Distributed Search: Sharding, Replication, and Fanout

When One Server Is Not Enough

A billion documents at 2 KB average equals 2 TB of raw text. With index overhead, expect 4 to 6 TB total. This exceeds RAM on any single machine. Even if it fit, one server cannot handle 10,000 QPS. You must distribute the index across machines using sharding and replication.

Sharding Strategy

Split documents across shards using one of two approaches. Hash the document ID for even distribution. Or range partition by date or category so filtered queries can target specific shards. For a billion documents across 20 shards, each holds 50 million documents and roughly 250 GB of index. Each shard maintains a complete inverted index for its subset, independent of other shards.

Query Fanout

Queries fan out to ALL shards in parallel. A coordinator receives the query, broadcasts to 20 shards, and waits for responses. Each shard searches its 50 million documents, scores candidates, and returns top K (typically 100 to 500).
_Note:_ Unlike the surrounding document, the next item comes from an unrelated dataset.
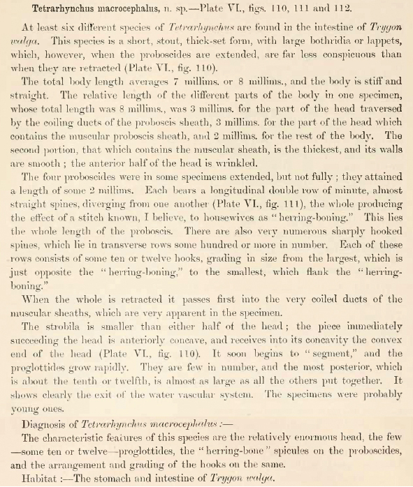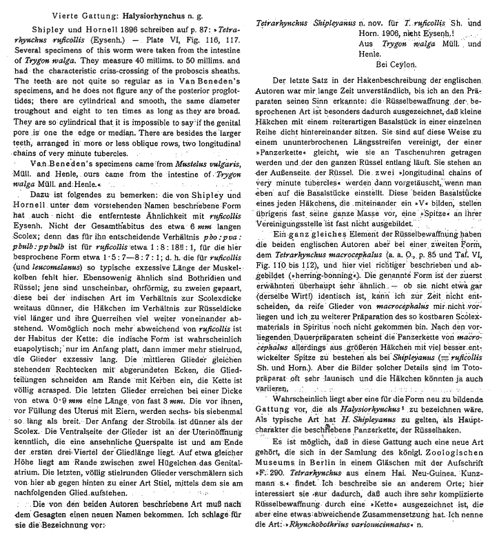 Shipley, A. E. and J. Hornell. 1906. Report on the cestode and nematode parasites from the marine fishes of Ceylon. Report to the Government of Ceylon on the Pearl Oyster Fisheries of the Gulf of Manaar (Herdman), Part 5 5: 43-96. (431) Download PDFPintner, T. 1913. Vorarbeiten zu einer Monographie der Tetrarhynchoideen. Sitzunzberichten der Akademie der Wissenschaften in Wien. Mathematik-Naturwissenschaften Classe 122: 171-253. (4384) Download PDF |

The coordinator merges partial results into global top K. With 20 shards returning 100 results each, coordinator sorts 2,000 results in 1 to 2 ms.

The Fanout Tax

Every query hits every shard even when most have zero matches. A rare term might match only 3 of 20 shards, but all 20 process the query. With 100 shards, 100 internal RPCs per query consume network and CPU. Tail latency compounds: if each shard has p99 of 100 ms, global p99 approaches 200 to 300 ms without hedging.

Replication

Each shard has 2 to 3 replicas on different machines. If primary fails, replica becomes primary within seconds. Replicas serve read traffic: with 3 replicas per shard, you triple read throughput. A 20 shard system with 3 replicas has 60 nodes. At 500 QPS per node, this cluster handles 30,000 QPS with failure headroom.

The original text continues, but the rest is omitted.